Is it really bad idea to code it this way?

@Oli Charlesworth

What's wrong with a switch statement?

Supported types of do_sth's second argument (T) varies with value of e, e.g. A::first supports integrals, and A::second STL containers, e.g.:

    template<typename T>
    void do_sth(AEnum e, T t) {
        switch(e) {
            case first:
                std::cout << &t << std::endl;
                break;
            case second:
                std::cout << t.data() << std::endl;
                break;
            default:
                break;
    }

A a;
a.do_sth(A::first, 0);

Answer 1

Yes, what you've coded doesn't make any sense.

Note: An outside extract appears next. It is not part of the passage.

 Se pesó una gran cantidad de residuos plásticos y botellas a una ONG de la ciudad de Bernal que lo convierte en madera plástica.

Template instantiations are resolved at compiler-time, whereas obviously the value of e is only known at run-time.

What's wrong with a switch statement?

Answer 2

You have to make the AEnum arg a template argument to do_sth:

 template<AEnum e, typename T>
    void do_sth(T t) { ... }

...and call it as a.do_sth<A::first>(0).

Alternatively, you could write separate functions (do_sth_integral, do_sth_container, ...), or, if there is only one correct course of action for a particular T, deduce the "correct" enum value for a given T using metaprogramming/overloading tricks.

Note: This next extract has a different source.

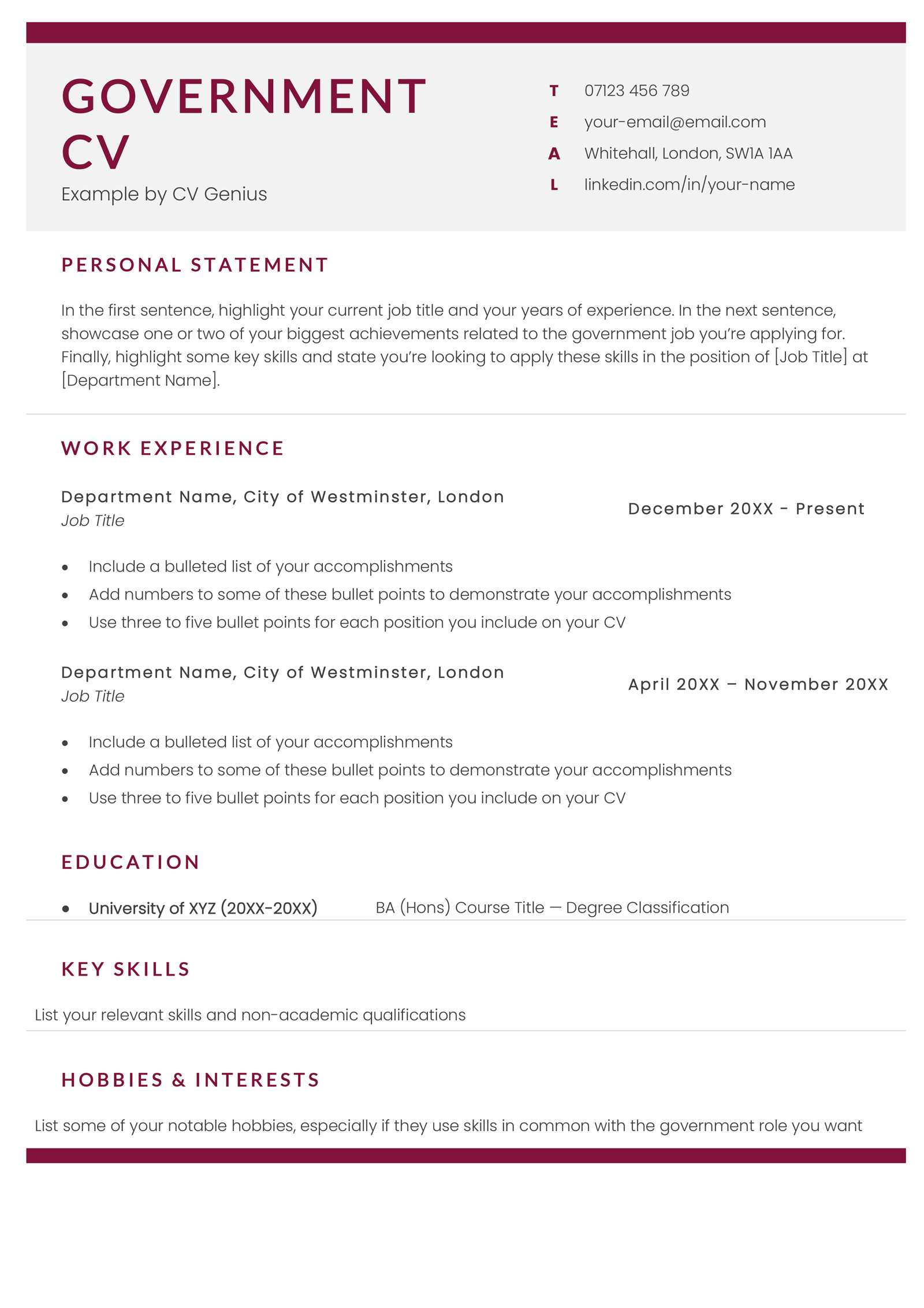 8 Free Government CV Templates (UK Civil Service)
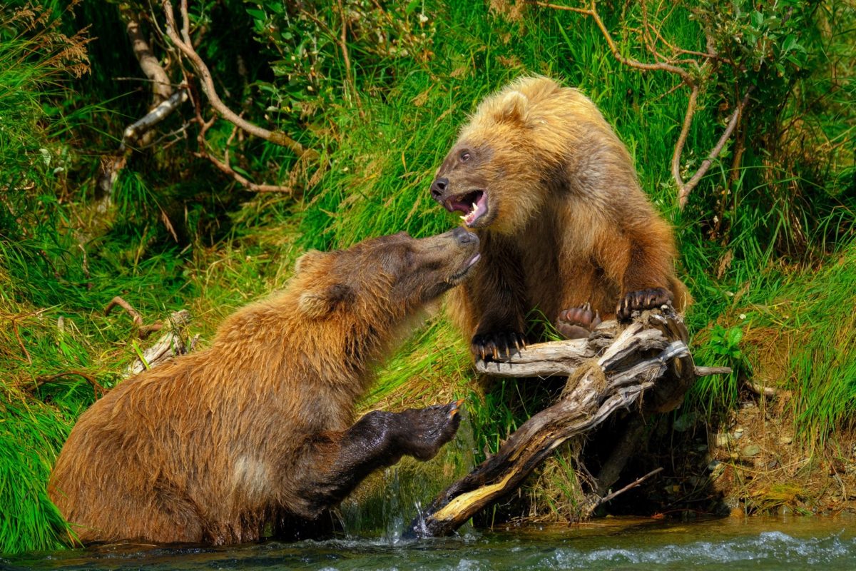 Capturing interaction between animals is always a wonderful thing and these two siblings were playing and fighting over this stump. The eyes and open mouth made this a favorite for me.

For example, here's a way of writing two functions that e.g. detect numeric types and container types:

//The extra dummy argument is invalid for types without a nested 
//"iterator" typedef
template<typename T>
void do_sth(T t, typename T::iterator * = 0)
{
    //container type code
}

//The dummy arg is invalid for types without a 
//std::numeric_limits specialization
template<typename T>
void do_sth(T t, 
typename boost::enable_if_c<std::numeric_limits<T>::is_specialized>::type * = 0) 
{
    //numeric type code
}

Of course, this would fail if you passed a T which has an iterator typedef and a numeric_limits specialization, or has neither.

If there is only one sensible action for a particular T, and it's hard to correctly guess which overload should be used for an unknown T, then you could use a traits class that users have to specialize explicitly, or just require that users specialize an "impl" or dispatching class.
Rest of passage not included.